Installing an ElasticSearch 2 Cluster on CentOS 7

scottalanmiller

Whether you are building an ELK logging server, a GrayLog2 logging server or what to use the powerful ElasticSearch NoSQL database platform for some other task, we will generally want to build a high performance, highly reliable ElasticSearch cluster before beginning any of those projects. And, in fact, a single cluster can easily support many different projects at the same time. So running ELK and GrayLog2 side by side, for example, with a single database cluster.

First we can start with a clean, vanilla CentOS 7 build from my stock 1511 template. (That is pure vanilla 1511 with firewall installed.)

0_1471562304631_Screenshot from 2016-08-18 18-19-32.png

We are going to need to add some additional storage. I have 16GB by default in my template for the OS. That's great. I'm going to add a 200GB secondary VirtIO drive here which I will attach and use for log storage. 200GB is quite large, remember this is just one cluster member, so perhaps 30GB is good for a more normal lab (this will be tripled at a minimum.)

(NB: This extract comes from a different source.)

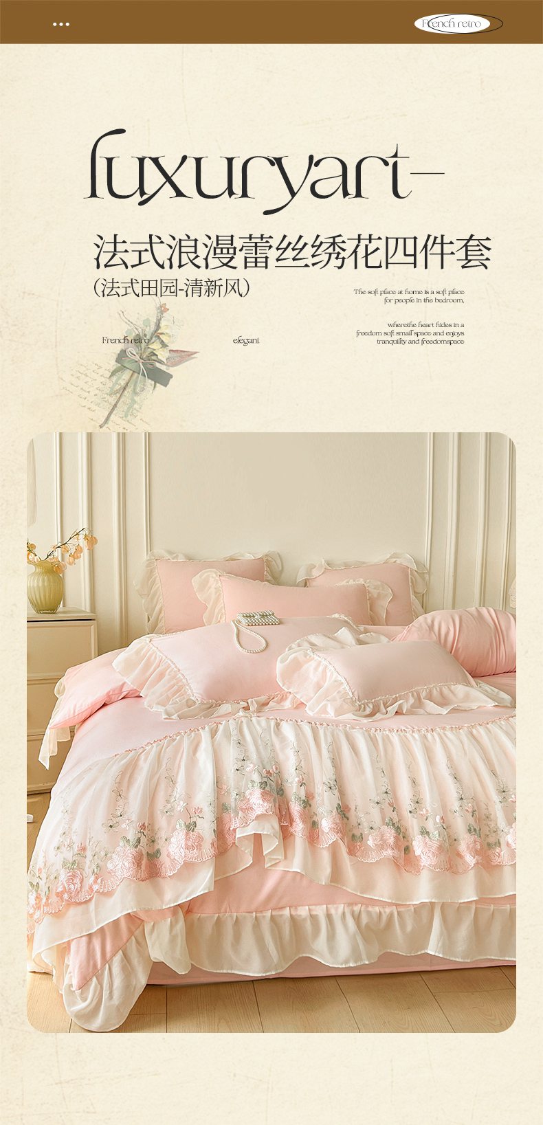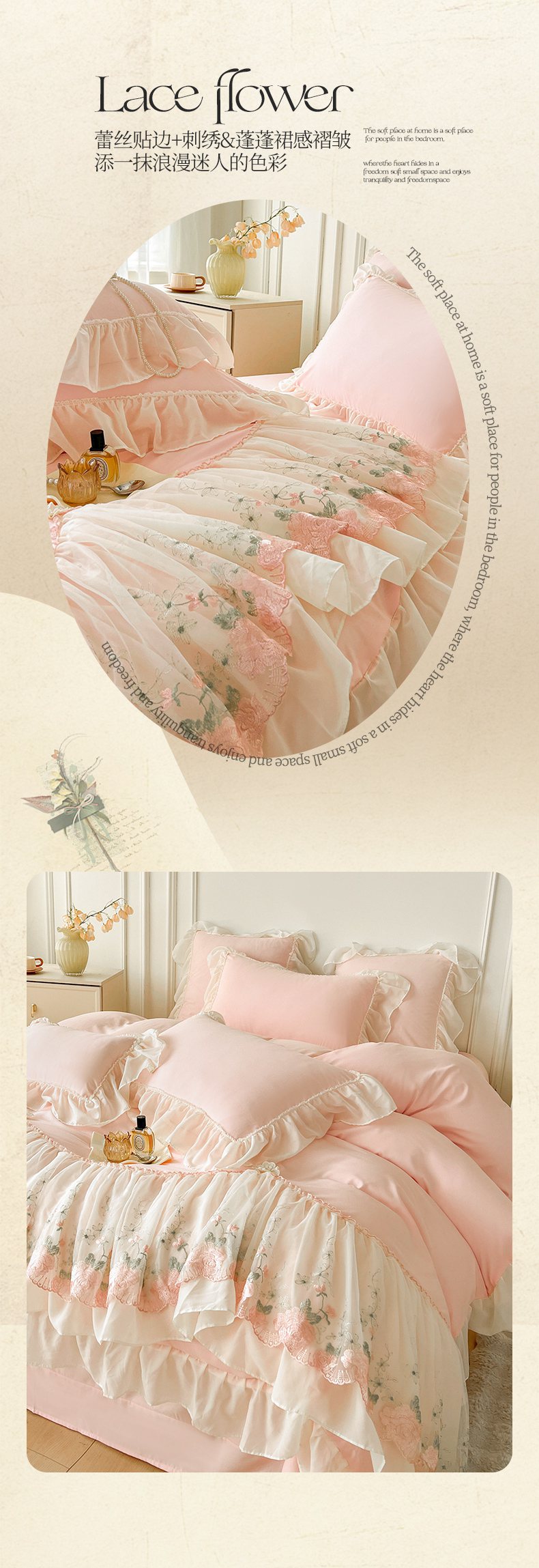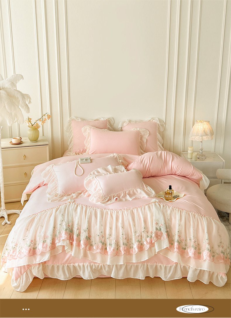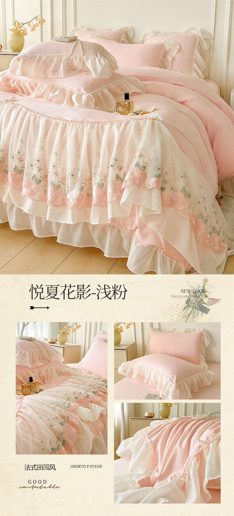 当前位置: 91家纺网 > 商品网购 > 床品套件 > 四件套 > 其它四件套 > 鼎丰家纺 2025新款蕾丝雪纺花边四件套-悦夏花影系列 悦夏花影-浅粉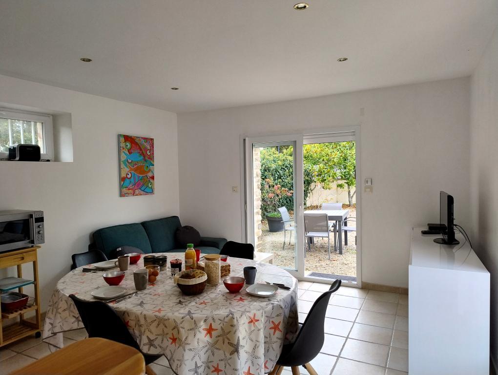 Maison entièrement rénovée, classée 3 étoiles , équipée à neuf , avec jardin clos, située dans un quartier calme, à 10 minutes à pieds de la plage , la thalasso, le casino, d'un supermarché, des restaurants et magasins, boulangeries etc . Pour un séjour de 2 nuits minimum SAUF VACANCES SCOLAIRES POUR 7 NUITS MiNiMUM JUILLET ET AOÛT . Une chambre spacieuse Lit 160x200 avec commode et grand placard, une 2ème chambre avec 2 lits 90x190 et armoire penderie, grande pièce de vie avec cuisine ouverte.

0_1471562330382_Screenshot from 2016-08-18 19-04-05.png

On my Scale HC3 tiered storage cluster (HC 2150) I downtune my OS to zero. I don't want any SSD tiering going on with my OS. That's just wasteful.

0_1471562406343_Screenshot from 2016-08-18 19-04-34.png

But as logs can sometimes require a lot of performance, I'm going to tweak this one up just a little bit to give it some priority over other, random VM workloads. Only from a four (default) to a five to give it a small advantage.

0_1471562485993_Screenshot from 2016-08-18 19-04-54.png

And finally I tweak my vCPU from one (generic in my template) to two and give the VM 8GB of RAM. Logging can be pretty intensive.

0_1471562494228_Screenshot from 2016-08-18 19-05-31.png

Now we can log into the VM and get started:

yum -y update
echo "prd-lnx-elasic2" > /etc/hostname
yum -y install java
reboot

Many people choose to use the official Oracle JRE, but the included, maintained OpenJDK Java 1.8 should work fine and we are going to use it here. This is advantageous as it is now maintained by the OS repos automatically.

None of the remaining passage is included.